Bus interconnection systems are satisfactory for many applications. However, when it is necessary to utilize a large number of circuit boards in a system, such as in a telecommunications switching system, the speed of a bus system is reduced to an unacceptable extent. To overcome the problems of bus systems, ring interconnection systems have been proposed. (See, for example, J. M. Lenart, "A High Performance Satellite BaseBand Switching Technique," MILCOM 1984 Conference Record, Vol. 1, pp. 13-15 and J. M. Lenart et al, "A Ring Based Satellite Switch," Proc. from ICEC 1984, Vol. 1, pp. 216-218.) In a ring-connected switching system, signals are regenerated at each printed circuit board and are transmitted to the next adjacent circuit board. The connections are closed in a loop, or ring, so that signals propagate successively to each circuit board. At each circuit board, signals can be removed from the ring, introduced onto the ring or simply passed through the next circuit board on the ring. An advantage of the ring-connected system is that a large number of nodes can be utilized without reducing the system clock speed. In a ring-connected system having N nodes, or circuit boards, the time to transfer information from one circuit board to another is equal to or less than N clock cycles, the average being N/2 clock cycles. Each driver has only a single load in the ring-connected system regardless of the number of nodes.
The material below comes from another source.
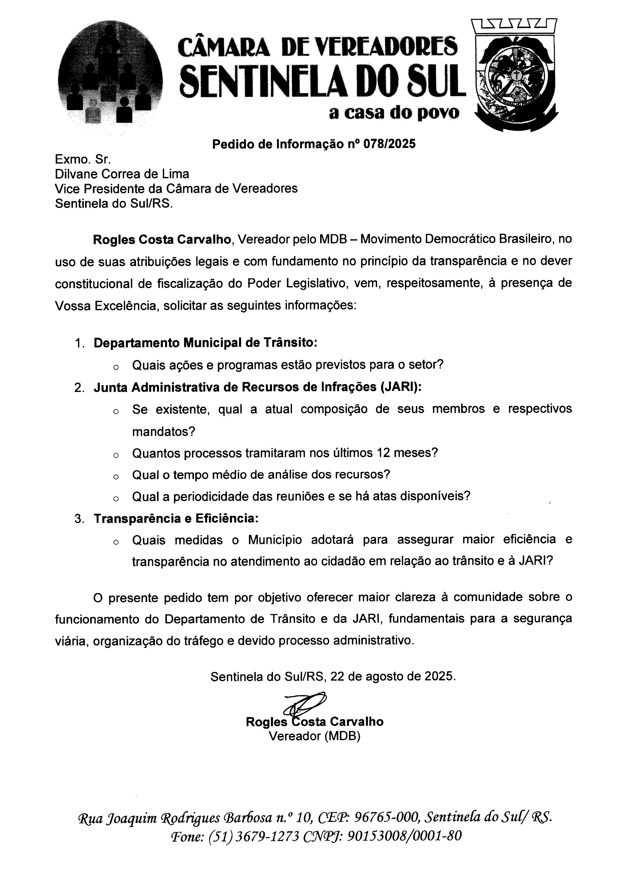 Pedido de Informação nº 078/2025
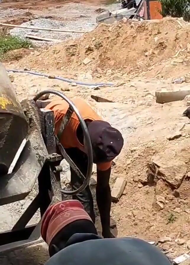 The scene takes place at a construction site, where two construction workers are operating a cement mixer

To achieve high operating speed, it is necessary to minimize the distance between each circuit board. A conventional circuit board or card rack of parallel circuit boards has been undesirable for ring-connected systems since opposite ends of the card rack must be connected together to form a ring. Other circuit card configurations have been proposed to achieve the ring connection while minimizing wiring length. In one approach, a circular backplane is utilized and printed circuit boards are plugged in radially to form a spoke-type arrangement. This configuration achieves short interconnection lengths but is highly impractical, both as to construction and maintenance. A similar approach utilizes two conventional card racks mounted back-to-back with adjacent ends connected together to form an electrical ring. This configuration also achieves short interconnections but is impractical, since printed circuit boards must be accessed from two directions and the required space is relatively large. A third configuration utilizes two conventional card racks mounted one above the other with adjacent ends connected together. This configuration does not provide the desired short interconnections.
It is an object of the present invention to provide an improved, ring-connected circuit module assembly.
It is another object of the present invention to provide a ring-connected circuit module assembly utilizing a printed circuit board assembly having a single row of parallel circuit boards.
It is a further object of the present invention to provide a ring-connected circuit module assembly having short interconnections between circuit modules.
It is another object of the present invention to provide a ring-connected circuit module assembly wherein all circuit modules are accessible from one direction for easy servicing.
It is a further object of the present invention to provide a ring-connected circuit module assembly having relatively low cost and low space requirements.